Calciatori positivi al Covid nel Genoa, Bassetti: "Può essere la Waterloo dei tamponi"

Torna in auge la questione sulla trasmissività degli asintomatici: "Rischiamo di dare una falsa patente di negatività a soggetti in incubazione e chiudere in casa i debolmente positivi che non trasmettono a nessuno"

Calciatori positivi al Covid nel Genoa, Bassetti: "Può essere la Waterloo dei tamponi"

Si rinnova il dibattito a distanza tra il dottor Matteo Bassetti ed il collega Crisanti, da sempre sostenitore del metodo dei test a tappeto per individuare e isolare i casi di positività al Coronavirus.

Lo spunto da cui nasce la disputa è quanto accaduto ieri al Genoa. Dopo la positività del portiere Perin e del danese Schone nessun altro componente della squadra era risultato positivo. Cosa accaduta invece poco più di 24 ore dopo, con ben altri 12 nuovi casi. "Mentre lo studio di Vo’ Euganeo sembrava una facile vittoria di Pirro, quello che sta accadendo al Genoa Calcio potrebbe rappresentare la 'Waterloo dei tamponi'" scrive Bassetti.

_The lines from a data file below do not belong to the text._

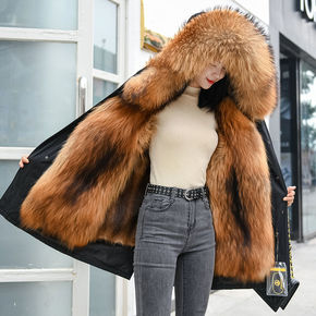 冬季派克服2021新款加绒加厚内胆可拆卸狐狸皮毛一...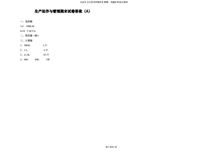 《生产运作与管理》期末试卷及答案(A)猴哥6个月前发布关注私信0.11MB2页08449《生产运作与管理》期末试卷及答案(A)此内容为免费资源,请登录后查看¥0 登录查看免费资源 第1页 / 共2页 第2页 / 共2页 已完成全部阅读,共2页 © 版权声明文章版权归作者所有,未经允许请勿转载。THE END期末复习 喜欢就支持一下吧点赞49赞赏 分享QQ空间微博QQ好友海报分享复制链接收藏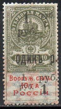 Надпечатка "1 руб. ОДИНЪ Р." и "Вооруж. силы / Юга / России" на 10 коп. 1 марка.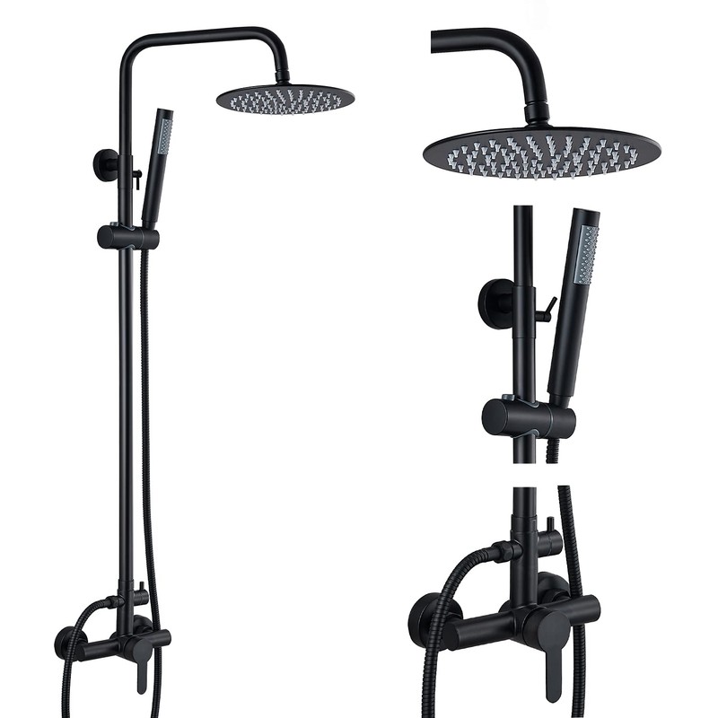 Matte Black Outdoor Shower Fixture SUS304 System Combo Set Rainfall Single Handle High Pressure Hand Spray Wall Mount 2 Dual Function

Spiega infatti il direttore della Clinica di Malattie Infettive del San Martino: "Dopo poche ore dall’esito di tamponi negativi per tutta la squadra si è assistito a numerose positività con probabili conseguenze importanti sul futuro del campionato di serie A. I tamponi possono dare, da una parte una falsa patente di negatività e di liberi tutti, e dall’altra produrre un esercito di positivi asintomatici".

Il rischio concreto quindi è quello di "far circolare soggetti negativi al tampone ma in fase di incubazione che trasmettono il virus e chiudere in casa altri con tampone positivo (o debolmente positivo) che non trasmettono a nessuno". Una questione che riporta alla mente la discussione sull'infettività dei soggetti asintomatici tanto dibattuta fin dagli esordi dell'epidemia.

La soluzione in questa nuova fase della pandemia sarebbe quindi, secondo Bassetti, quella di "rimettere al centro la clinica fatta di segni e sintomi, che unita alla virologia, rimane lo strumento migliore per la gestione di questa pandemia. D’altronde abbiamo sempre fatto così nella gestione delle malattie infettive" conclude il medico genovese.